ATA/995/2022 du 04.10.2022 ( AIDSO ) , PARTIELMNT ADMIS

En fait
En droit
RÉPUBLIQUE ET CANTON DE GENÈVE

 

POUVOIR JUDICIAIRE

A/1490/2021-AIDSO ATA/995/2022

COUR DE JUSTICE

Chambre administrative

Arrêt du 4 octobre 2022

2ème section

 

dans la cause

 

M. A______

contre

SERVICE DES PRESTATIONS COMPLÉMENTAIRES



EN FAIT

1) Mme B______ et M. A______ ont formé le 19 août 2020 une demande de prestations complémentaires familiales en leur faveur et en faveur des enfants C______ (née le ______ 2007) et D______ (née le ______ 2002), qu’ils ont adressée au service des prestations complémentaires (ci-après : SPC). Selon l’attestation 2020, le revenu déterminant unifié (ci-après : RDU) était de CHF 35'410.- pour le couple. Selon les indications renseignées dans le formulaire, les enfants n’avaient pas de comptes bancaires et les parents n’avaient pas de comptes d’épargne.

2) Par deux décisions du 30 octobre 2020, le SPC a alloué à M. A______ des prestations complémentaires familiales et de subsides d’assurance maladie de CHF 802.- par mois rétroactivement d’août à octobre 2020 et dès novembre 2020, et des prestations d’aide sociale et de subside d’assurance-maladie de CHF 0.- rétroactivement d’août à octobre 2022.

3) Le 28 novembre 2020, M. A______ a formé opposition aux décisions du 30 octobre 2020.

Les calculs étaient erronés. Il avait fourni le 11 novembre 2020 la documentation de son compte postal.
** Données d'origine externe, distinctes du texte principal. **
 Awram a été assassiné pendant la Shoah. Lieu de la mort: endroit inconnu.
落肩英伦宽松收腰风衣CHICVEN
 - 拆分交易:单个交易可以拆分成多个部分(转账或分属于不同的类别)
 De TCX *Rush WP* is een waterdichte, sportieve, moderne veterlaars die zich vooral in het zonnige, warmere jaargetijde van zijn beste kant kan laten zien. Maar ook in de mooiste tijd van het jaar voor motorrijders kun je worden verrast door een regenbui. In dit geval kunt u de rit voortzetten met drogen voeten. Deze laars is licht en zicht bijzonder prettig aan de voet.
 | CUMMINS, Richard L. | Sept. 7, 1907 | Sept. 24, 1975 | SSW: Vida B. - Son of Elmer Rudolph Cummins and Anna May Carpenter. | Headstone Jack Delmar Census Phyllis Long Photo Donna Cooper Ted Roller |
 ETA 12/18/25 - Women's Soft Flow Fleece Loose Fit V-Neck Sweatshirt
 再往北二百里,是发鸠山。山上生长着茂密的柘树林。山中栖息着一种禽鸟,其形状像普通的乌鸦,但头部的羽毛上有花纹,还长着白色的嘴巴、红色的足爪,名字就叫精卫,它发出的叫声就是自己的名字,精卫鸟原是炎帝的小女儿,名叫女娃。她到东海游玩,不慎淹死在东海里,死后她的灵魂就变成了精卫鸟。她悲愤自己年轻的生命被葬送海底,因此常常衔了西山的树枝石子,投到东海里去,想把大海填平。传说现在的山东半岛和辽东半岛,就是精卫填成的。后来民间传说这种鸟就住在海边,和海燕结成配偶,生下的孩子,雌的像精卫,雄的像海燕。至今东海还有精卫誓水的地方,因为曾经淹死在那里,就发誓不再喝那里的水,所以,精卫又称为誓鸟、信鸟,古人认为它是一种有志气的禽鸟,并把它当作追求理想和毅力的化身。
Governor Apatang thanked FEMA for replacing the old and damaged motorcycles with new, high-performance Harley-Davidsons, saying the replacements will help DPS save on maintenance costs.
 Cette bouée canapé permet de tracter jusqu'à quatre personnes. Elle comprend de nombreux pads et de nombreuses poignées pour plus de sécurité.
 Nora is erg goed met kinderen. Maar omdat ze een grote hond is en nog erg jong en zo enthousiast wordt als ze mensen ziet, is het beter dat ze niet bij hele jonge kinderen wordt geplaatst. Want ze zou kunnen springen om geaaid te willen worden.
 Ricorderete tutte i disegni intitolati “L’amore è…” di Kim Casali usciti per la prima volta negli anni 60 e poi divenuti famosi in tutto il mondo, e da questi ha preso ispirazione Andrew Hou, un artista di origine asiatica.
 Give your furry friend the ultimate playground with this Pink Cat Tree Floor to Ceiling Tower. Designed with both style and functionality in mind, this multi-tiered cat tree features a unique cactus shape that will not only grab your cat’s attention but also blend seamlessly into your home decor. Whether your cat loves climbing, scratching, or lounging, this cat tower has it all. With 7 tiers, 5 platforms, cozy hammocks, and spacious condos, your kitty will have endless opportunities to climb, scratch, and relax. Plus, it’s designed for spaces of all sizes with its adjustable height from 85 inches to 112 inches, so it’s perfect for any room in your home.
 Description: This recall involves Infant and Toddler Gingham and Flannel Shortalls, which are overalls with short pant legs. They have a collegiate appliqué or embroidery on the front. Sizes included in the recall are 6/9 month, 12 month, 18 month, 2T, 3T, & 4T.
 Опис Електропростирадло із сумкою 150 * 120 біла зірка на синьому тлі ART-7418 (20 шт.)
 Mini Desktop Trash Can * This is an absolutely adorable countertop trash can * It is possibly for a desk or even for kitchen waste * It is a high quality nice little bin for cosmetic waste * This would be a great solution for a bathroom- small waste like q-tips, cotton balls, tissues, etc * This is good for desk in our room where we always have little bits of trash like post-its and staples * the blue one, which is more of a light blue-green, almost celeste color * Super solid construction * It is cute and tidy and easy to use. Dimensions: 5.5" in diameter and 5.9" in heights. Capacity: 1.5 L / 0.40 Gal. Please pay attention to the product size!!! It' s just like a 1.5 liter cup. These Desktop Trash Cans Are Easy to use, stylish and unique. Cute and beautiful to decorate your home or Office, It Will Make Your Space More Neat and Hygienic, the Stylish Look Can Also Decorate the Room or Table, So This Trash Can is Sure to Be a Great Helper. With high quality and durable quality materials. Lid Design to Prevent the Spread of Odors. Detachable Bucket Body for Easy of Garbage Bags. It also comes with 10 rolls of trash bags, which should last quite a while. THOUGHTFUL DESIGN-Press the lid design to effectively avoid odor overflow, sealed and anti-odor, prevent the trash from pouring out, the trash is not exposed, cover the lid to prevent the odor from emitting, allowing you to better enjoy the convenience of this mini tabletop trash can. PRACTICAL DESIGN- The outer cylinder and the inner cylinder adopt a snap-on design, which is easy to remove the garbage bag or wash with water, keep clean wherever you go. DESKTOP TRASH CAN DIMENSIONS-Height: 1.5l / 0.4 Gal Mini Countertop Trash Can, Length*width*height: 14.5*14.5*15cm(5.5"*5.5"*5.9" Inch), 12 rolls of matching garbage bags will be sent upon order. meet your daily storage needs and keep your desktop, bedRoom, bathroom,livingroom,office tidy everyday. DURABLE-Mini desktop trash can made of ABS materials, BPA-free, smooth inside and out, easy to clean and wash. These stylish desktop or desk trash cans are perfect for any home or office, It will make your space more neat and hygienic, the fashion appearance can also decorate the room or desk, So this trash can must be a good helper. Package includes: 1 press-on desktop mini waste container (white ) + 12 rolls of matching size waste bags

Sa belle-fille ne recevait pas de pension alimentaire de son père, selon une attestation qu’il enverrait.

4) Le 1er décembre 2020, le SPC a recalculé à CHF 991.- par mois la prestation complémentaire familiale pour l’année 2021, soit, déduction faite du subside mensuel d’assurance-maladie de CHF 890.-, CHF 101.- effectivement versés.

5) Le 4 décembre 2020, le SPC a indiqué avoir pris note de l’opposition et procéder à un nouvel examen du dossier.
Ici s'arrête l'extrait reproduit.